略奪ウエディング
「金沢の人は雪で滑ったりしません。慣れているんですよ」
「でも危ないだろ」
俺がそう言った直後、「きゃ」と声を上げて梨乃がつまずき、転びそうになる。
「うわ」
俺は慌てて彼女の腰を抱くように受け止めた。
「ほら、言っただろ」
梨乃は俺の胸に身体を預けたまま、大人しくなった。
「ごめんなさい」
俺の胸に置かれた彼女の手の薬指には、ダイヤの指輪が光っている。
俺は梨乃を離さないままで言った。
「金沢に来て、梨乃と出会えて本当に良かったと思ってる。
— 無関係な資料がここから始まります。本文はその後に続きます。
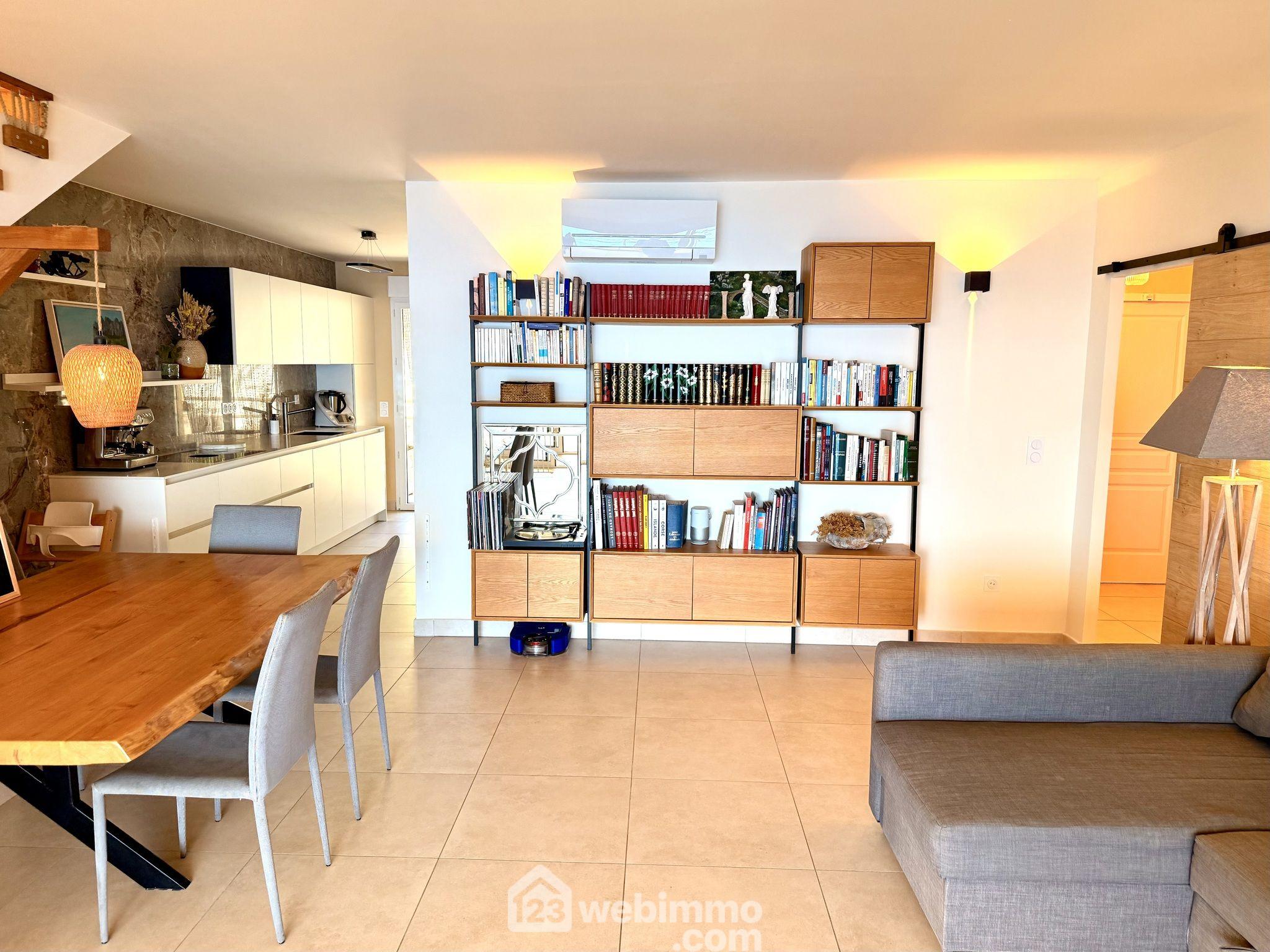 Dominant la célèbre plage Marinella, là où Tino Rossi aimait chanter face aux flots azur, ce duplex de 144 m² (126,5 m² Carrez) incarne un art de vivre insulaire rare.
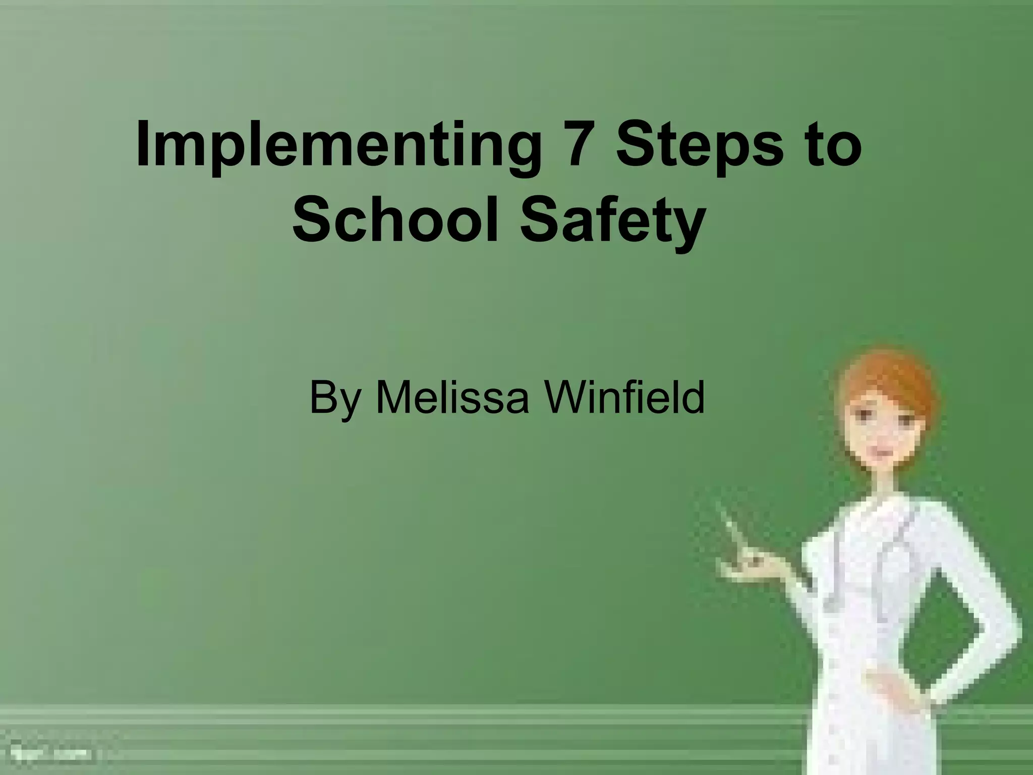 The document outlines 7 steps that schools can take to improve safety, including developing and enforcing a code of conduct, conducting emergency drills, personalizing the school environment with help boxes, analyzing incident reports, implementing effective programs, engaging parents and community, and training students and staff to recognize warning signs of violence. The school discussed has implemented several of these steps, such as an annually updated code of conduct, regular emergency drills, help boxes built by students, an after school program, and communicating with parents about incidents.

たくさんいる人の中で、君が俺を好きになってくれて良かった。…ありがとう」
「課長…」
「課長はなし。…名前で呼んで」
梨乃の頬を両手で包んで、その目を見つめる。
「…悠馬。ありがとう。私、今日のことは一生忘れません。指輪、大切にします」
潤みがちな大きな瞳から目が離せない。
こんな風に誰かを守りたいだとかこれまでに思ったことはなかった。
出会って恋に落ちた奇跡が信じられないだなんて言ったなら、俺を知っている人が聞けばきっと笑うだろう。
お前らしくはないと。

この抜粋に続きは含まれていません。